INFORMATION SUPPLIED:
+ + +

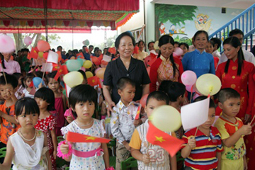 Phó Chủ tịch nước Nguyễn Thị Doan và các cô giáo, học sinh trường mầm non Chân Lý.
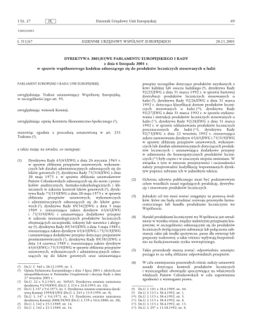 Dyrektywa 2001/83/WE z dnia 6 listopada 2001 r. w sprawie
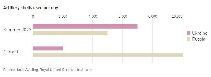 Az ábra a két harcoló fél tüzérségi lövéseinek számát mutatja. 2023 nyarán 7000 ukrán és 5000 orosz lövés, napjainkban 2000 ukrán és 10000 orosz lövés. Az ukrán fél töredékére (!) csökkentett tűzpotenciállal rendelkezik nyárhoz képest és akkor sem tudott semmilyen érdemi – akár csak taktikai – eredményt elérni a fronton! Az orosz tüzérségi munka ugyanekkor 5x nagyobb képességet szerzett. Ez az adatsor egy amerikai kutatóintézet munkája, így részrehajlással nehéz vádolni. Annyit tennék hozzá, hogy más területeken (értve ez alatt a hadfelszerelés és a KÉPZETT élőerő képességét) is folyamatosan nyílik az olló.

+ + +

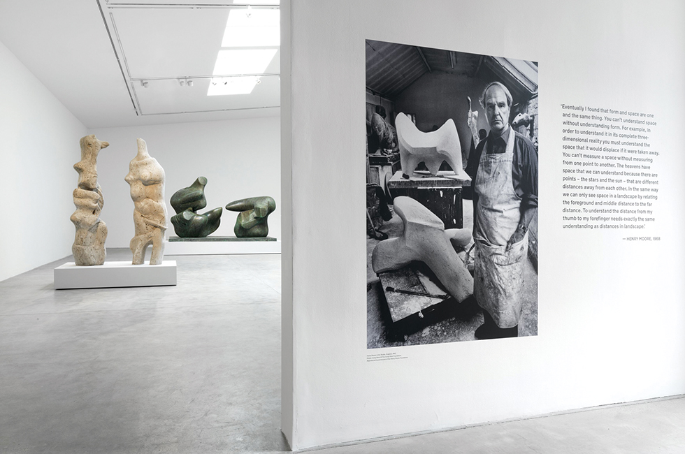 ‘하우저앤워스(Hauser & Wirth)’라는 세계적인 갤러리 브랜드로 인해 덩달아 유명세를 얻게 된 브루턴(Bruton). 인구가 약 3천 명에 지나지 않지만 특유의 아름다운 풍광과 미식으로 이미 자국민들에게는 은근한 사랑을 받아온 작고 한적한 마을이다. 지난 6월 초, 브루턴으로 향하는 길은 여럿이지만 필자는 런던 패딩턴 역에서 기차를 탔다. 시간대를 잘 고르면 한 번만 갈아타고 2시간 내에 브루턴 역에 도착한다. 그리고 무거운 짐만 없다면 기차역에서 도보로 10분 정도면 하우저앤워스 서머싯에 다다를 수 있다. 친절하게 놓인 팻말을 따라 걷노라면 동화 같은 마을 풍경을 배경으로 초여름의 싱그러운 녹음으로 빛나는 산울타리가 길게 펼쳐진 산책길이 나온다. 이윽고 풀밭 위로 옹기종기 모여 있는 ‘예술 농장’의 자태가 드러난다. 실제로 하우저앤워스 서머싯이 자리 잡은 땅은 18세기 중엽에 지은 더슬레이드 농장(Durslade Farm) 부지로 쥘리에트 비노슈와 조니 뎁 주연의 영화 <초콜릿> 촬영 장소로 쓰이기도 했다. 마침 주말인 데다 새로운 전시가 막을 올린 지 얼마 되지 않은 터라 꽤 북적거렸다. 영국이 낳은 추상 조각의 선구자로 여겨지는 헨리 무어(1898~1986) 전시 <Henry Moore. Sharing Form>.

+ + +

TASK:
Starting at the line above that contains "Phó Chủ tịch", transcribe every line exactly through the line that contains "Az ábra a két", including that last one, and skip the pictures.

EXERCISE RESPONSE:
 Phó Chủ tịch nước Nguyễn Thị Doan và các cô giáo, học sinh trường mầm non Chân Lý.
 Dyrektywa 2001/83/WE z dnia 6 listopada 2001 r. w sprawie
 Az ábra a két harcoló fél tüzérségi lövéseinek számát mutatja. 2023 nyarán 7000 ukrán és 5000 orosz lövés, napjainkban 2000 ukrán és 10000 orosz lövés. Az ukrán fél töredékére (!) csökkentett tűzpotenciállal rendelkezik nyárhoz képest és akkor sem tudott semmilyen érdemi – akár csak taktikai – eredményt elérni a fronton! Az orosz tüzérségi munka ugyanekkor 5x nagyobb képességet szerzett. Ez az adatsor egy amerikai kutatóintézet munkája, így részrehajlással nehéz vádolni. Annyit tennék hozzá, hogy más területeken (értve ez alatt a hadfelszerelés és a KÉPZETT élőerő képességét) is folyamatosan nyílik az olló.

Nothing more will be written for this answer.